The problem is that you need to drop the traffic before it reaches your network. So even when dropping packets at your server is way too late. The best way to reduce risk is to use packet scrubbing services like Akamai or Cloudfare who have DDoS mitigation techniques in place to prevent this traffic from reaching your network.
Blocking the traffic on the server will not stop the DDoS from eventually saturating its uplink and possibly other links within the network. DNS amplification attacks are all about generating large amounts of bandwidth.
The uplink will still be saturated.
The only way to mitigate this is to turn on RRL (response rate limiting) on servers and get rid of open resolvers.
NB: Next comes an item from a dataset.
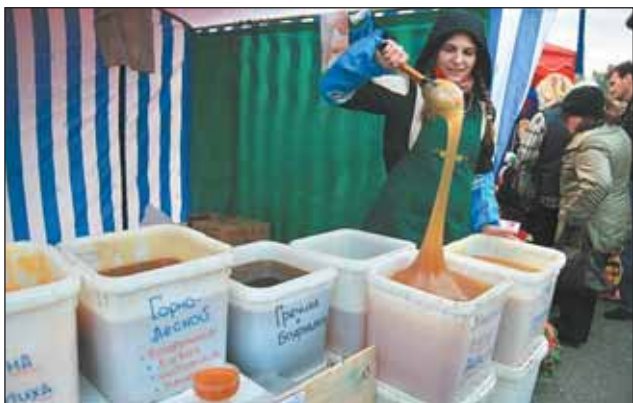
Такого меда, какой был на «Золотой осени», в магазинах не найдешь

Простым смертным тоже разрешалось попробовать любые продукты — от колбасы до пива. У стенда одной из компаний предлагали подоить корову, правда пластиковую. Тех, кто хотел посмотреть на настоящих коров, ждала экспозиция в павильоне «Космос». Здесь же прошли традиционные поросы чьи бега, ставшие в этом году международными. Победила

And for legitimate open resolvers, have them send UDP packets as small as possible with the TC bit set ("please retry using TCP") so that amplification doesn't happen yet it doesn't break legitimate traffic.
Other mitigation techniques for resolvers include enforcing a minimum TTL (which also helps against poisoning) and a reasonable maximum payload size for responses sent using UDP. Google DNS are using a 512 bytes limit for this reason.
Disabling recursion responses on public DNS servers to random internet IPs - ie closing the "open resolver" hole - does NOT mitigate this because you can still do a spoofed DNS reflector/amplification attack simply by sending queries that result in a "can't give you an answer" response, which can still be much larger than the incoming query.
Really need to use some combination of response-rate limiting or upstream measures as mentioned here previously. Technically you could use egress-filtering to block outgoing packets that originated on a different link/interface than the route to the spoofed destination, but on simple networks (ie with a single internet link) that's not feasible.
Here's an old whitepaper that discusses some other mitigation measures, like using packet hop-counts to guess about the legitimacy of an incoming packet:
http://cs.unc.edu/~jeffay/courses/nidsS05/slides/17-Egress-Filtering.pdf
But of course filtering and rate-limiting responses at the "reflector point" still doesn't mitigate the large incoming packet-stream that is being directed at your DNS server. It does spare the intended target from being DDoS'd by your DNS server and your DNS server from being bogged-down with junk traffic.